» WORK TO BE COMPLETED: Every line below must be copied as written, except for pictures.

» COLLECTED DATA:
Content starts

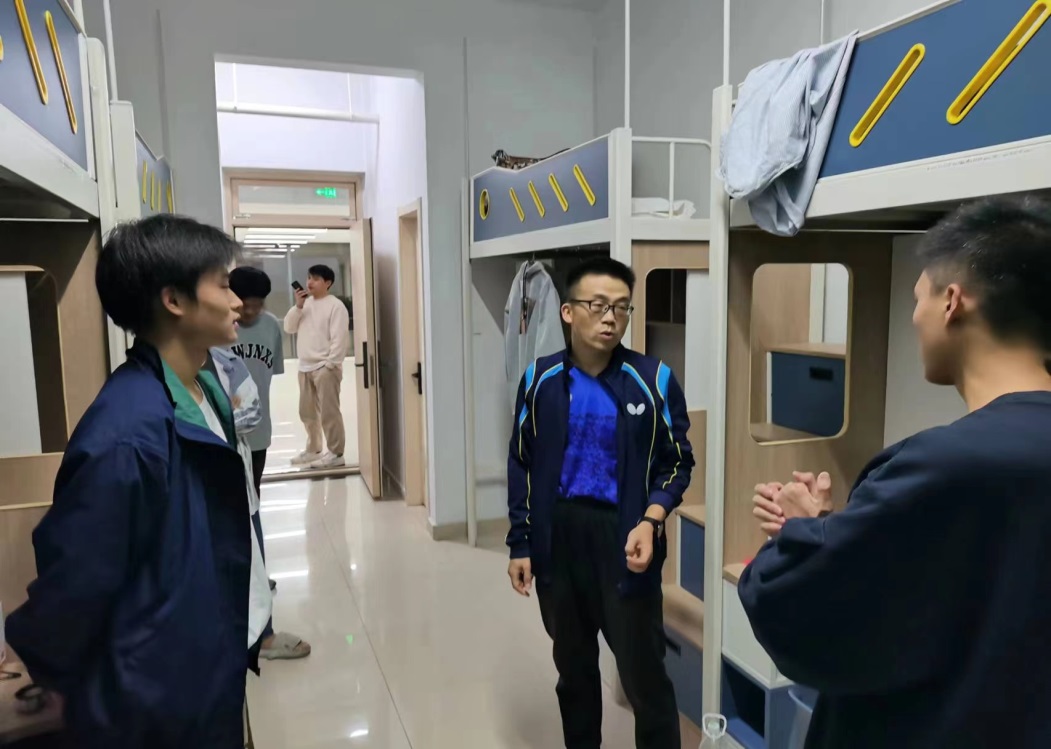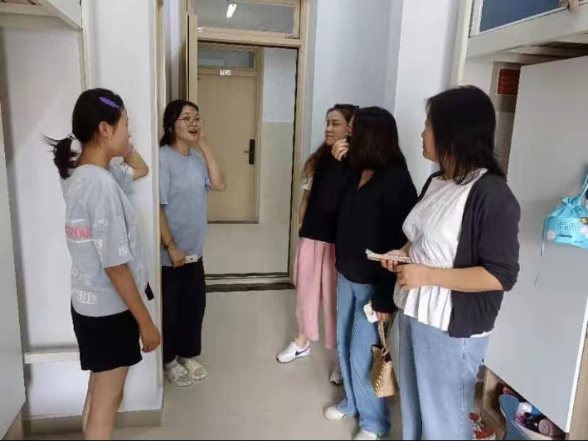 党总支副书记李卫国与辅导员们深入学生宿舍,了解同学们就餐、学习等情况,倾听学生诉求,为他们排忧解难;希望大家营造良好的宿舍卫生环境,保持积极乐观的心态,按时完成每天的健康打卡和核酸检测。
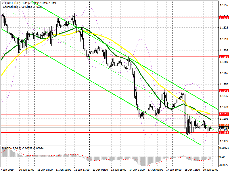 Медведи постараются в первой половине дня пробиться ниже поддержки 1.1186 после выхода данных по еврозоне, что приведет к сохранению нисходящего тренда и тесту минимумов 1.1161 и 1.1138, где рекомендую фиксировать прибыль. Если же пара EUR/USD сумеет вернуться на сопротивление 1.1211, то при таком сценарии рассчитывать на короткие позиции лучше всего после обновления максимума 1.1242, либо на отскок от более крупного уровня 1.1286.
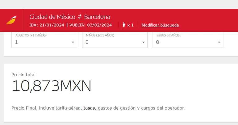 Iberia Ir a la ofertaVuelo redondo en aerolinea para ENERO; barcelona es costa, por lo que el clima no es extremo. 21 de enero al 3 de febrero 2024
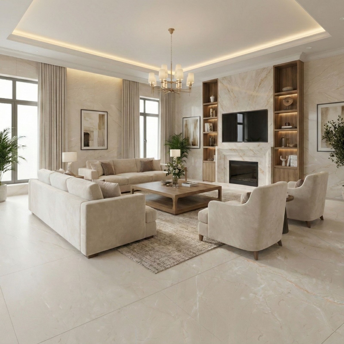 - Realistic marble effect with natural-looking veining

Content ends

» TASK SOLUTION:
 党总支副书记李卫国与辅导员们深入学生宿舍,了解同学们就餐、学习等情况,倾听学生诉求,为他们排忧解难;希望大家营造良好的宿舍卫生环境,保持积极乐观的心态,按时完成每天的健康打卡和核酸检测。
 Медведи постараются в первой половине дня пробиться ниже поддержки 1.1186 после выхода данных по еврозоне, что приведет к сохранению нисходящего тренда и тесту минимумов 1.1161 и 1.1138, где рекомендую фиксировать прибыль. Если же пара EUR/USD сумеет вернуться на сопротивление 1.1211, то при таком сценарии рассчитывать на короткие позиции лучше всего после обновления максимума 1.1242, либо на отскок от более крупного уровня 1.1286.
 Iberia Ir a la ofertaVuelo redondo en aerolinea para ENERO; barcelona es costa, por lo que el clima no es extremo. 21 de enero al 3 de febrero 2024
 - Realistic marble effect with natural-looking veining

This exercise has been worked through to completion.